La comtesse descendit avec son mari et sa fille, exigea qu’ils se munissent de fourrures, car le comte n’admettait que l’automobile découverte et une brise assez fraiche soufflait par la campagne. Et, lorsque la voiture eut disparu au détour de l’allée, elle s’installa sur la terrasse, prit son ouvrage et attendit.

À sept heures, ils n’étaient pas revenus. Elle se dit :

— Si dans cinq minutes ils ne sont pas là, c’est qu’il y aura eu un accident.

Au bout de cinq minutes elle s’accorda encore cinq autres minutes, avant de décréter l’accident certain. Les cinq autres s’écoulèrent. Aussitôt, son inquiétude se changea en une angoisse inexprimable.

Et quels remords ! Elle n’aurait pas dû les laisser partir, elle ne l’aurait pas dû ! Il y a des pressentiments auxquels il est coupable de ne pas obéir. Comment se faisait-il que jamais elle n’avait eu de pressentiment, et que jamais encore son mari n’était rentré en retard ? Étrange coïncidence entre les deux faits qui, tous les deux, se produisaient pour la première fois ! Une panne ? Pourquoi justement ce jour-là ?

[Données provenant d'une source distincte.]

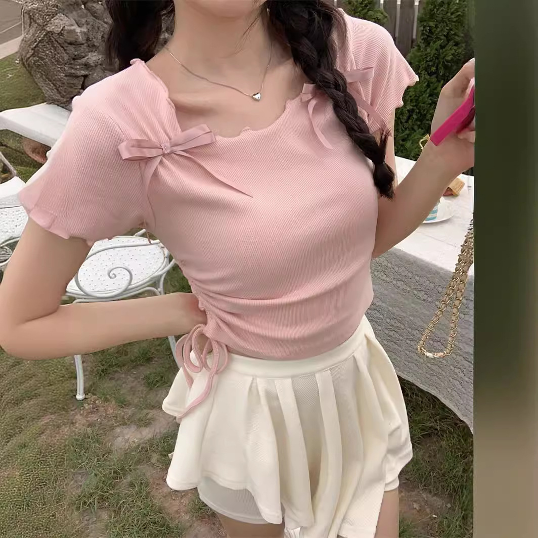 纯棉多巴胺穿搭女装短款t恤女短袖辣妹纯欲小个子修身正肩上衣潮

Elle monta jusqu’au haut d’un petit belvédère qui dominait le château. À l’horizon, personne. La grande route blanche était déserte. Mais un point noir apparut sur la route qui venait de la mer et, à la vitesse avec laquelle il se déplaçait, elle ne douta point que ce ne fût une automobile. Celle de son fils Paul, évidemment… À moins que le comte n’eût fait ce détour, entraîné par le plaisir d’essayer sa voiture.